As we continue our look at the redeeming hand of Christ in the lives of Old Testament women, we cannot help but pull over and park in the life of Boaz. While I have taught the story of Ruth many times, God has recently revealed to me the beauty of His sovereignty as He prepared Boaz to be her Kinsman Redeemer. As we looked at the salvation and inclusion of Rahab into the Israelite people, we learn in Matthew 1 that she gives birth to Boaz, by Salmon. No mention is given to Boaz's upbringing or Rahab's life within the Israelite nation. The next time we see Boaz, he is introduced as a 'worthy man'.(Ruth 2:1)

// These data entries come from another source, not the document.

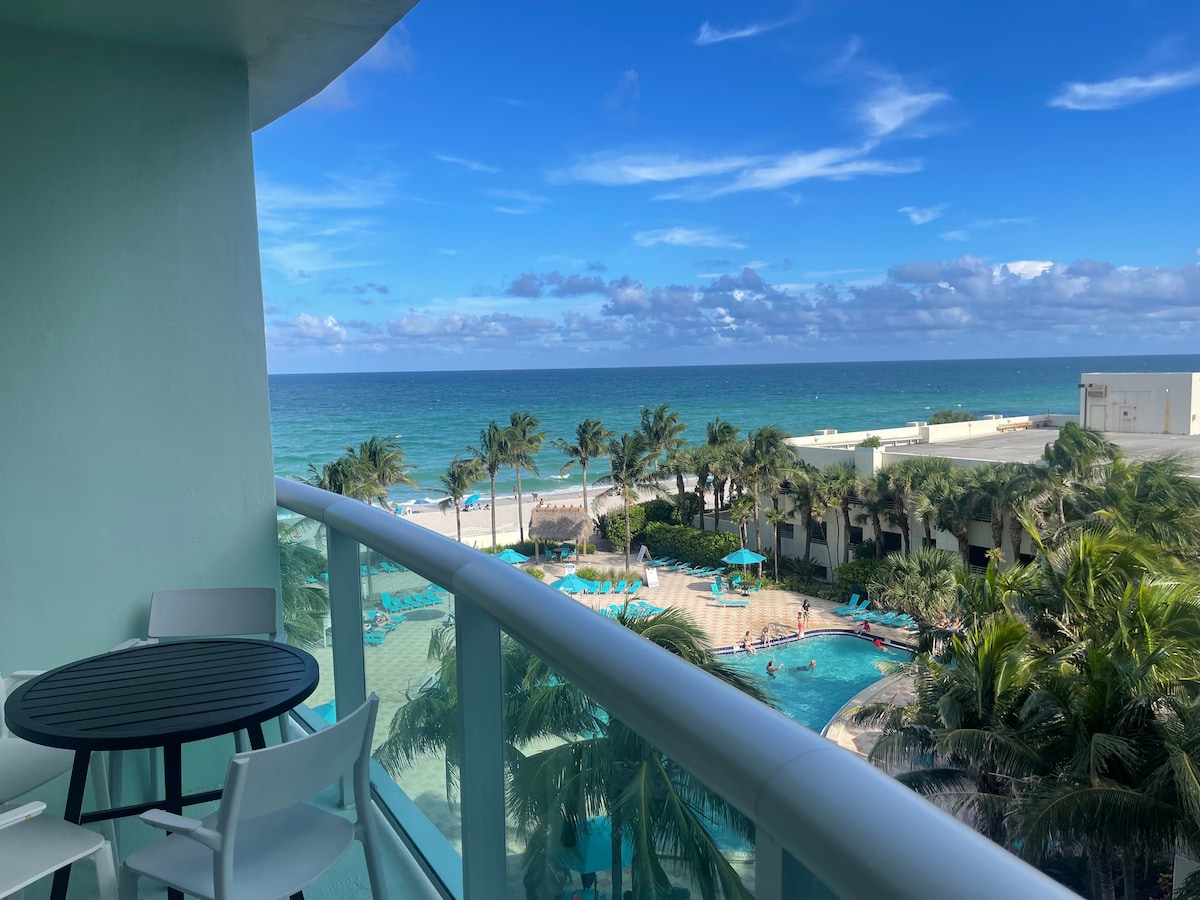 In the Tides in Hollywood. *NO RESORT FEE!* Located on the 6th floor with stunning ocean and pool views and facing south for maximum sunlight. Enjoy this high end modern apartment located between Miami and Fort Laudedale. The complex is right on the beach . The Tides has 2 heated pools , gym , game room , catering ($) and store ($), parking ($), sitting area under tiki , etc Located on South Ocean Dr. near Hallandale Blvd DBPR:CND1622639
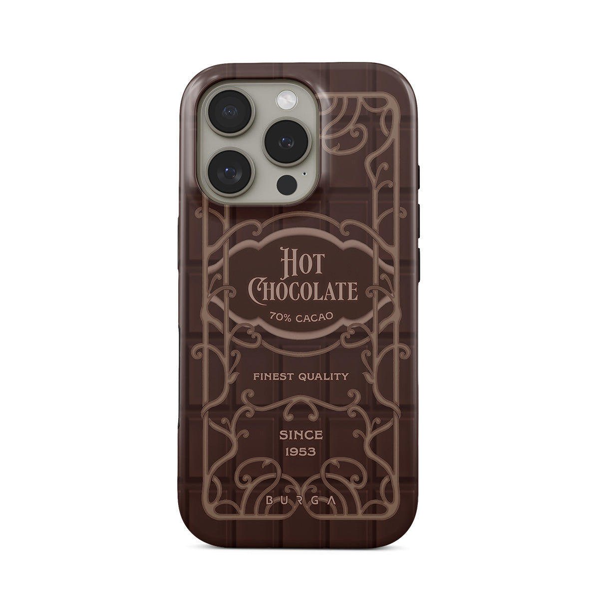 Kenmerken van dit design: hete chocoladelabel, bruine chocoladeontwerpen, retro verpakkingsstijl
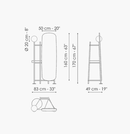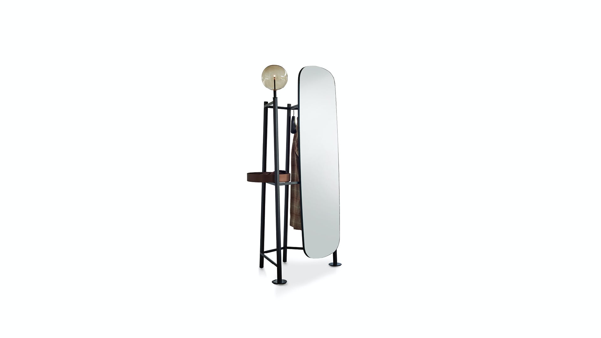 Perfect in its dynamic as a holder, every detail of the Salomé clothes valet stand contributes to the overall balance. Its design consists of delicate geometric shapes marked by precise vertical signs in which the luminous patterns of the transparent globe seem to dance with mirrored re?ections. Lights, lines and materials as fundamental features of an object destined to perform a daily service that becomes an emblem of an intimate relationship with the sleeping area: the beauty of the Salomé bedroom valet stand lies in the charm of the harmony between the forms and the intensity of its presence, a strongly scenographic design. The Salomé valet stand comes with a metal frame and tray in different finishes. A version with lampshade is also available.
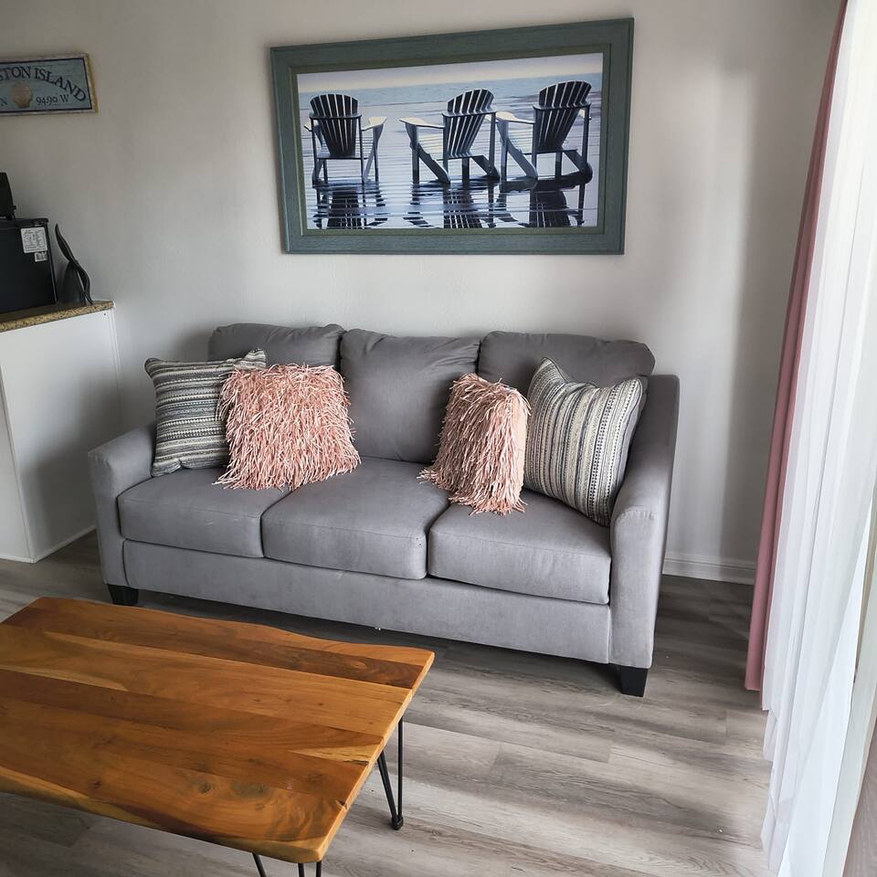Few things offer the escape from a busy life quite like a trip to the beach! This beautifully redone condo just adds to the relaxation of your next escape. From its comfy beds & tasteful décor to its relaxing patio, you have everything you need to unwind and enjoy your Galveston getaway. We are also just 10 minutes away from a family-fun adventure exploring the Rainforest & Aquarium at Moody Gardens or splashing around on a hot sizzling day at Schlitterbahn! Come join us for your next vacation!
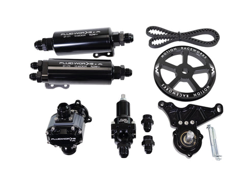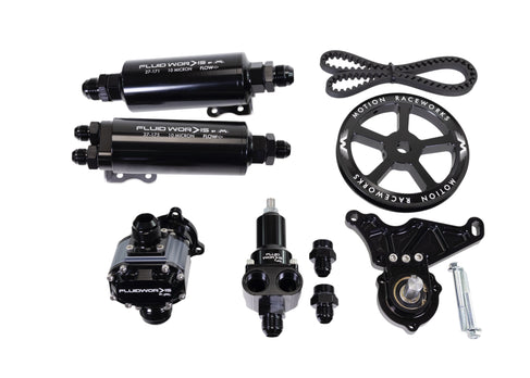 Our complete kit takes the guess work out of compatibility of filters, regulators, and pumps and gives you the easy button for a solution. Note: ATI hub and balancer will need to be purchased to drive this fuel system. We do not currently sell this hub or balancer, see notes below.
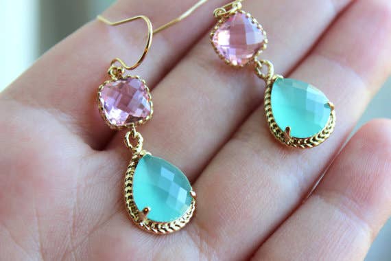 Les pierres précieuses en verre bleu saphir sont 13mm avec 5mm à la partie la plus épaisse. Ce sont des gemmes plaquées rhodium (argent). Les carrés en verre rose fuchsia mesurent 9 mm. Les boucles d'oreilles sont en argent sterling, la longueur des boucles d'oreilles mesure environ 1,5 pouces de long. Ces boucles d'oreilles sont si simples et élégantes. Ils peuvent être portés pour une variété d'occasions - mariage, soirée, travail, ou tout simplement tous les jours !
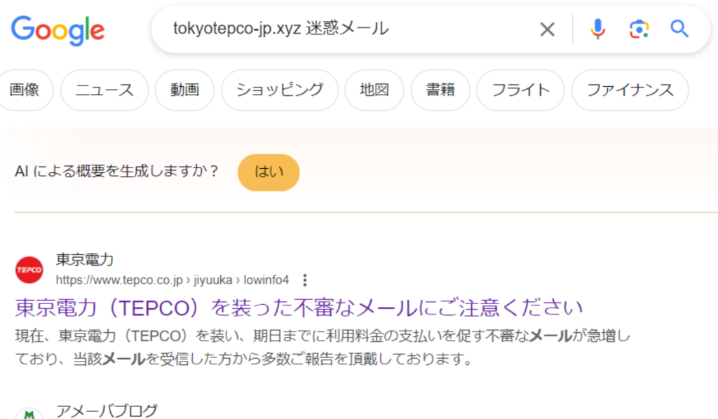 するとありました。「tokyotepco-jp.xyz 迷惑メール」などで検索ですね。
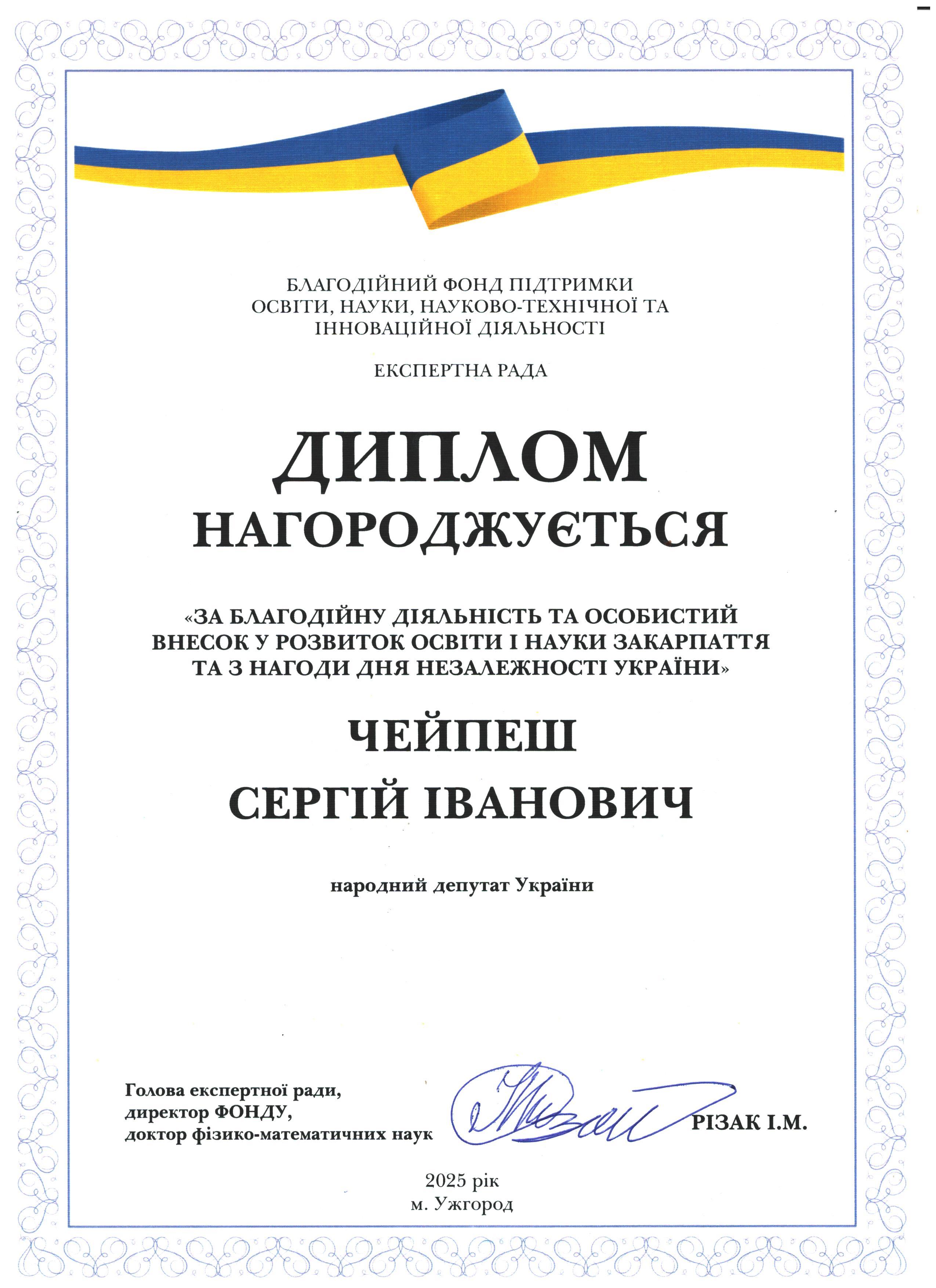 Дякуємо Сергію Івановичу Чейпешу за підтримку освіти і науки Закарпаття!
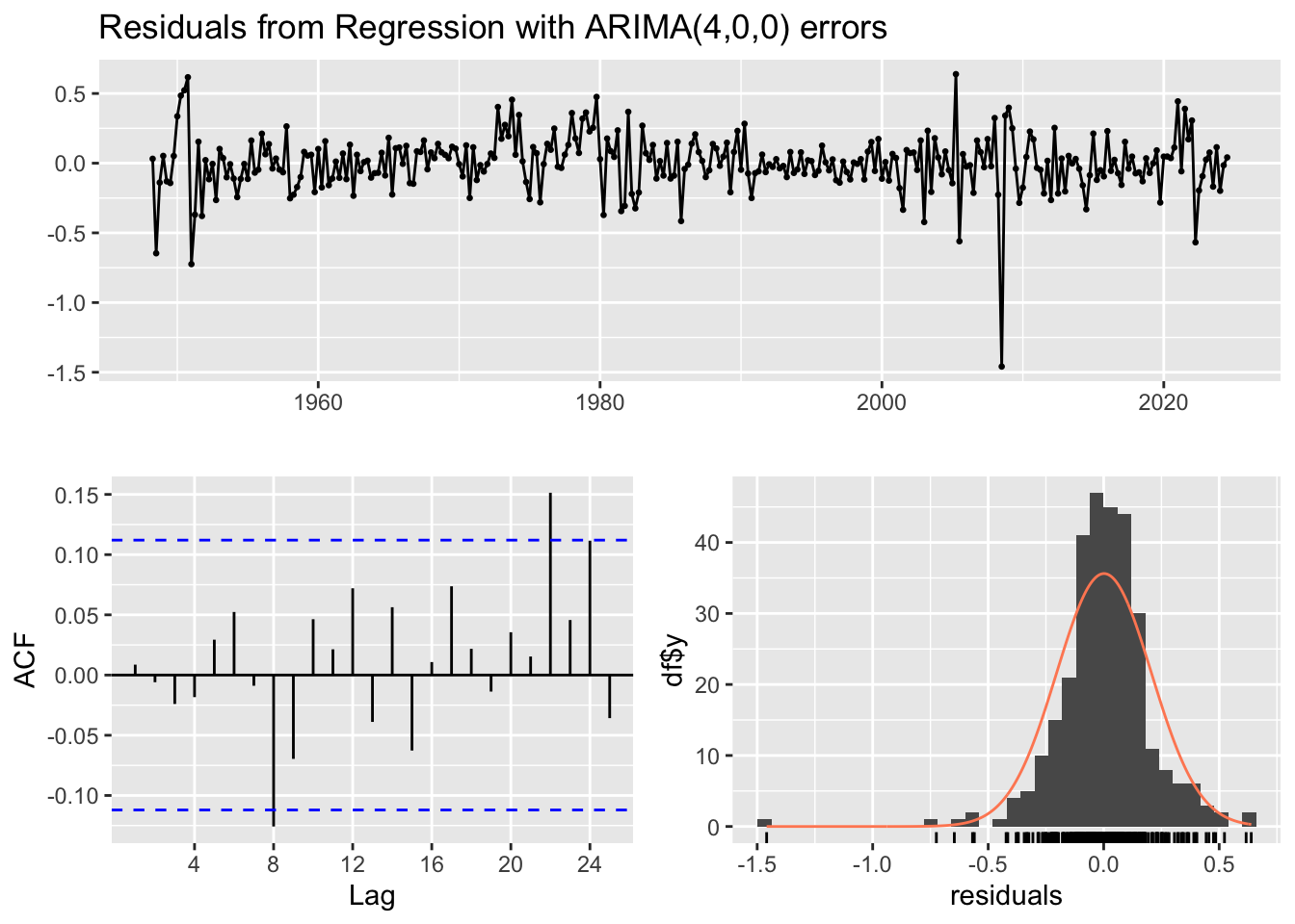We improve upon this by fitting an ARIMA model with exogenous regressors using forecast::auto.arima(), which also allows for seasonal ARMA components. The best-fit specification is an ARIMA(3,0,3)(2,0,2)[4], indicating both short- and medium-term seasonal effects.
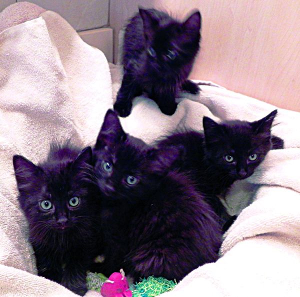 These little kittens are just around 10 weeks old. They are adorable, long-haired, handsome young black cats with blue eyes. Take one or two or all, and they will make you laugh for hours. It’s the best natural therapy around! Please call their foster mom, Suzy, at 896-8732. Suzy has been helping us in catching mothers and kittens, and having them fixed, vaccinated and adopted.
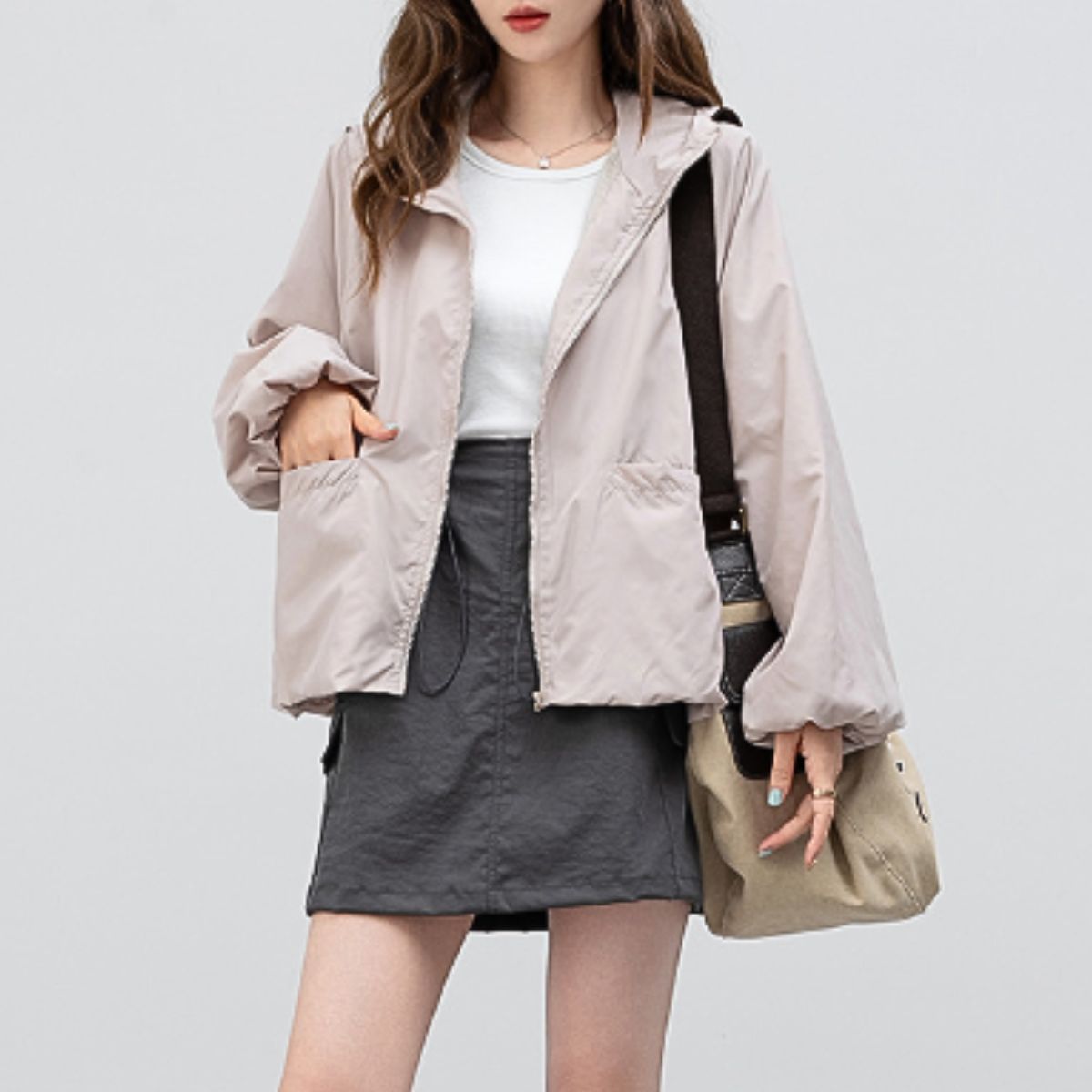 -シンプルで大人な色味がかわいい、ちょこっと羽織りやすいパーカー

Remember the story of Ruth. She was a Moabite woman who married into an Israelite family who had traveled to Moab during the famine in the Judges period. Tragedy befalls this family and the father and two sons all die, leaving three widows, helpless and alone. In this time and culture, these women had few options. They could each return to their families of origin, or take their chances on surviving long enough to find a Kinsmen Redeemer to marry one of them and provide for their needs. As Ruth is presented with these bleak options, notice her own profession in her response:
"But Ruth said, 'Do not urge me to leave you or to return from following you. For where you go I will go, and where you lodge, I will lodge. Your people shall be my people, and your God my God. Where you die I will die, and there I will be buried. May the Lord do so to me and more also if anything but death parts me from you.'" - Ruth 1:16-17. While her devotion to her mother-in-law is moving, do not miss the fact that her pledge is to the Lord. She makes the declaration here that the God of Israel is her God and she asks Him to seal her purpose and commitment to His people. Just like Rahab, we see Ruth declare the Lord as her own and give us a glimpse of what being adopted into God's family looks like.
Ruth and Boaz hear of each other by reputation first, before they meet. Ruth knows that Boaz is a 'worthy man' and that he is a potential Redeemer for her family. She humbly begins to work in his field, in hopes that she will gain his favor and find security for herself and her mother-in-law. Boaz enters, and immediately inquires of this new woman in his field. When he is told who she is and what she has done, he immediately has strong compassion toward her. Look at their encounter:
"...Why have I found favor in your eyes, that you should take notice of me since I am a foreigner? But Boaz answered her, 'All that you have done for your mother-in-law since the death of your husband has been fully told to me, and how you left your father and mother and your native land and came to a people that you did not know before. The Lord repay you for what you have done, and a full reward be given you by the Lord, the God of Israel, under whose wings you have come to take refuge!'" (Ruth 2:10-12)
Pause and admire the sovereignty of God in this moment. You have a man who was raised by a foreign prostitute in a deeply traditional culture, now reaching out his hand of mercy to a widowed Moabite with nowhere else to turn. Boaz had no doubt seen both the ugly and beautiful side of God's people. There are always those who judge and even condemn those whom God restores and he may have seen some of that directed toward his mother growing up. He would have felt sympathy toward Ruth for this reason. However, he clearly had also seen the incredible and matchless love of God's people when they extend His grace toward the outcast and downtrodden. His mother had been brought in fully, and had experienced the power of God in her own life. He lived in that shadow of grace and flourished as a man of God in the Israelite nation. When he meets Ruth, he has the opportunity to share the grace that he and His mother received. Every detail of his life, prepared him for this moment, to be the Kinsmen Redeemer in God's story who rescues Ruth and fathers Obed, father of Jesse, father of King David. God always has a plan, and it makes all things beautiful!
There are many circumstances in life that we do not understand. Often we feel that God has forgotten or does not care about our pain, our confusion, or our need. It is in these times, that through His sovereign plan, He uses His children to be His hands of grace. Trust God in your struggles, look for ways to lean on His grace, and at all costs, seek opportunity to pour that grace out on those God places in your path!